# buying forestry as an individual or in partnership?



## Brendan Burgess (7 Oct 2010)

It has been suggested to me that 15 year old forestry is very good value at the moment because a lot of farmers want to sell it so that they can buy non afforested land. 

I know a few others who are also interested in making similar investments.

I assume it's not worth our while pooling our resources and buying as a partnership? 

I assume that all the buyers would be cash buyers of around €100,000 each so there would be no problems with joint and several liability for the borrowings.

*Advantages 
*We could buy one big forest rather than 5 smaller ones which would cut down on the costs of managing it. I assume that a large forest is cheaper to maintain than 5 small ones. 
There might well be pooled expertise. (This would be a big advantage to me as I know nothing about it) 
If one partner wanted to sell out their interest, they may well find it easier to sell to one of the other partners

*Disadvantages 
*It's messy owning anything jointly as it's rare that the financial objectives of the individuals would tally. One person might need to sell their share and could find it very difficult to sell a share in a partnership. 
If the partners had to pay costs such as insurance, then it's a source of hassle when one doesn't pay their share on time.
The partners might disagree on the management or strategy for the investment. 
A share in a forest would not be a good security for a loan, whereas a forest owned outright might well be acceptable.



*Conclusion 
*Not a good idea to buy it jointly if one can afford to buy a small forest on one's own. 

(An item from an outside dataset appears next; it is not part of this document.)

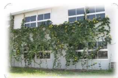
ヘチマのグリーンカーテン
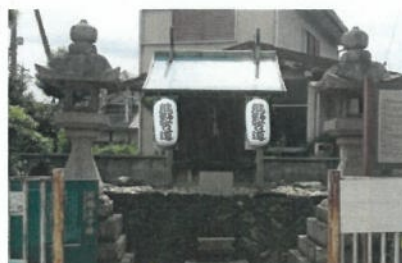
王子社跡の提灯(イメージ)

I suppose if a large forest became available, the individuals could buy it and split it up so that each would own and control separate parts of it. 

*Buying as a limited company*
I think that this is tax inefficient, or can it be structured so that the gains in the company and in the share price would be tax-free? 

Buying units in a forestry fund makes sense if you don't want any role  in managing it and you can't afford a small forest on your own.

Brendan


----------



## mercman (7 Oct 2010)

Brendan Burgess said:


> I suppose if a large forest became available, the individuals could buy it and split it up so that each would own and control separate parts of it. Brendan



Forestry is the In thing this year as Timber prices are very very high. Whilst it might sound like a great idea to own the forestry jointly, what happens if one party refuses to make his annaul payment for Insurance, refertilising, replanting, maintenance  etc. Also at the end of the forestry and the site is clearfelled, there is a legal obligation to replant the land and presently there are no grants available for replanting land that has been clearfelled or in fact destroyed by fire.


----------



## PMU (9 Oct 2010)

I’m all for investing in forestry as part of a portfolio of diversified asset classes (I hold some US forestry REITs) but you just can’t buy a forest and sit on your rear end watching the trees grow for 15 -30 years and then expect to cash in.  You need to buy in a good location, carry out thinning, provide nutrition, fencing, buy insurance, etc. You really are farming trees and will have ongoing expenditure.    It’s not something for a bunch of amateurs so you would need to factor in the cost of a management company to manage your forest.  

One problem I’ve noticed is a lack of an index of timber prices in Ireland. In the  UK there’s the  IPD forestry index and the Forestry Commission publishes two timber sales indices
  http://www.forestry.gov.uk/pdf/tpi200903.pdf/$FILE/tpi200903.pdf .  I think you would need this type of information to gauge trends, estimate profitability, etc.  Otherwise you are just buying in the dark and may end up selling to a monopoly purchaser (SmartPly and Medite are both owned by Coillte).  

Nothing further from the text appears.